EFFECTS OF MYOSIN KINASE INHIBITING PEPTIDE ON CONTRACTILITY AND LC(20) PHOSPHORYLATION IN SKINNED SMOOTH-MUSCLE

A peptide inhibitor, myosin kinase inhibitor (MKI), of myosin light chain kinase (MLCK) was tested for its effects on contractility and myosin light chain phosphorylation in Triton X-100 skinned guinea pig taenia coli. MKI is based on the amino acid sequence of the myosin light chain (residues 11-19 LC20) and is a competitive inhibitor [inhibitory constant (K(i)) congruent-to 10-mu-M] of purified MLCK with respect to myosin light chains (LC20). MKI inhibited unloaded shortening velocity (V(us)) and the calcium-sensitive ATPase activity of the skinned fibers but had no significant effect on steady-state isometric force or myosin light chain phosphorylation, as measured by IEF-polyacrylamide gel electrophoresis analysis. MKI had no significant effect on V(us) of thiophosphorylated fibers in the absence of calcium. MKI inhibited MLCK activity in protein extracts from taenia coli, as measured by radioactive phosphate incorporation into LC20. Surprisingly, MKI also inhibited the phosphatase activity of these same extracts.

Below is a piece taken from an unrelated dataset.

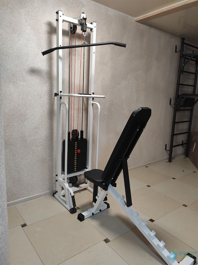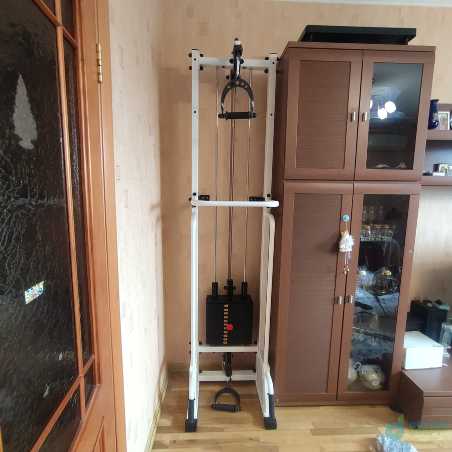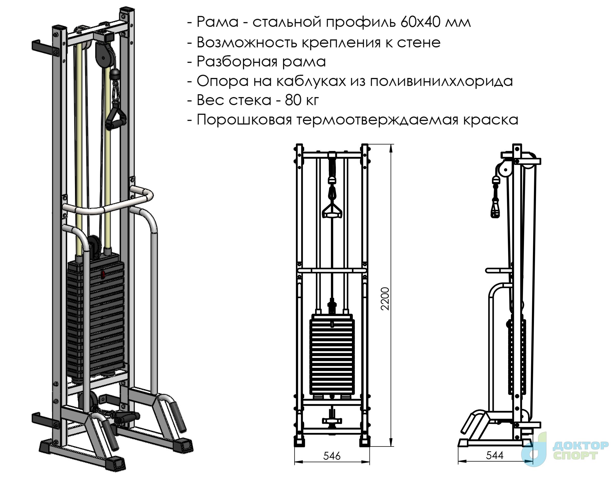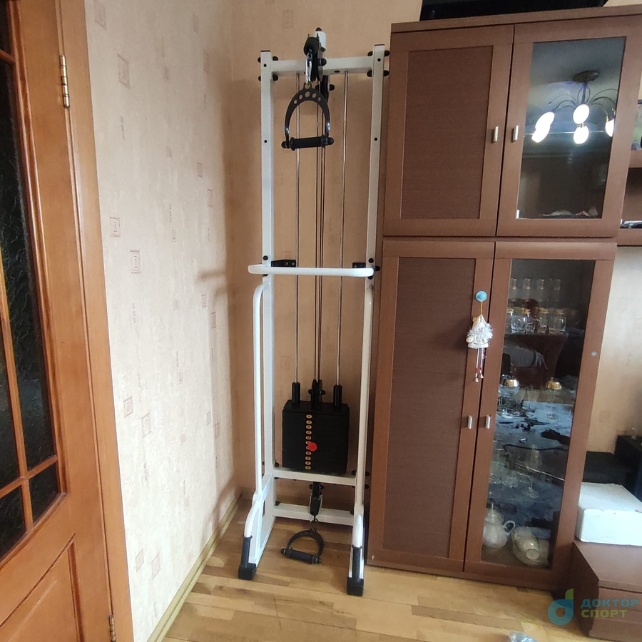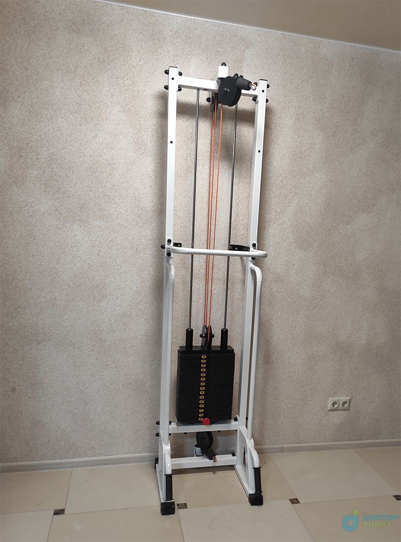 Многофункциональный тренажер «Тонус» домашний представляет собой вертикальную раму, имеющую систему блоков, через которую с помощью троса осуществляется тяга грузов в свободном направлении.

This peptide slowed the rate and extent of relaxation of calcium-contracted fibers and elicited a contraction in relaxed fibers. These results are consistent with the hypothesis that MKI may be a phosphatase inhibitor as well as an inhibitor of MLCK. Our data further suggest that the rate of phosphorylation-dephosphorylation turnover may be important in regulating V(us) in smooth muscle.